Superando as fragilidades

Sobre o palco, 12 atrizes desafiam-se até à superação a tocar Beethoven e a dançar peças clássicas. Mónica Calle estreia-se no Teatro Nacional D. Maria II com um exercício sobre a vida e a arte, o esforço e a dedicação. Ensaio para uma cartografia está em cena até 9 de abril.

Quem tem acompanhado o trabalho de Mónica Calle desde os anos da Casa Conveniente, primeiro na Rua dos Remolares, depois na Nova do Carvalho e, mais recentemente, na Zona J de Chelas, notará, em Ensaio para uma cartografia, a falta da palavra dita que toca o corpo e a alma daquele modo muitas vezes dilacerante que fazia dos seus espetáculos experiências únicas, muitas vezes radicais.
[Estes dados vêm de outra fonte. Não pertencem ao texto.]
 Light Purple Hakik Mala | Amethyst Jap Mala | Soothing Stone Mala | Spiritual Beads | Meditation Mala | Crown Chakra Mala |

Neste espetáculo, há palavra mas em off, sendo o essencial o corpo, as suas fragilidades e limitações e, no limite, a sua capacidade de superação. É, aliás, e como refere a atriz e encenadora, um trabalho à sombra da figura de Luna Andermatt, nome maior da dança portuguesa, com quem trabalhou em Iluminações, quando dirigiu a Companhia Maior.
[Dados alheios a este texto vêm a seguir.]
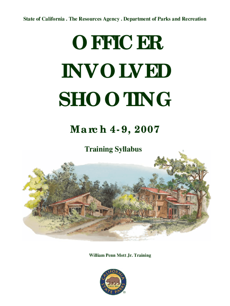 State of California. The Resources Agency. Department of Parks and RecreationOFFICER INVOLVED SHOOTING March 49, 2007 Training Syllabus William Penn Mott Jr. TrainingState of CaliforniaMemorandum

“Esta peça resulta de um tempo estendido marcado pela partilha e pela cumplicidade entre todas estas atrizes”, sublinha Mónica Calle, apontando Ensaio como mais uma etapa numa cartografia que começou a ser traçada após a reencenação, em 2012, de A Virgem Doida, ainda no Cais do Sodré, e com os itinerantes Sete Pecados Mortais, de Brecht, em 2014. São, aliás, essas peças que começam a cimentar um elenco, tornando a chegada à Zona J de Chelas, à atual Zona Não Vigiada/Casa Conveniente, um processo para “a construção de uma família, de uma casa”, à semelhança da odisseia das duas irmãs protagonistas da peça de Brecht.

Assim, “a casa” constrói-se caminhando, e o caminho que em palco Ana Água, Carolina Varela, Cleo Tavares, Inês Vaz, Joana de Verona, Marta Félix, Míu Lapin, Mónica Garnel, Silvia Barbeiro, Sofia Dinger, Sofia Vitória, a própria Mónica Calle, e ainda Carla Bolito e Ana Montereal, percorrem, é marcado pelo esforço extenuante da repetição e da exposição da fragilidade (mais do que a dos corpos) perante aquilo que as afasta de “zonas de conforto”, como a dança em pontas ou a execução de um andamento da Sétima Sinfonia de Beethoven.

Por tudo isto, Ensaio para uma cartografia é um work in progress, onde a falha e o erro penetram a pele, com dor e suor derramado, como parte de um caminho feroz, violento, muitas vezes esgotante, e onde apenas a dedicação e o compromisso à arte, que a dado momento do espetáculo a voz de Leonard Bernstein aponta, parecem poder levar a um sítio que possamos chamar “casa”.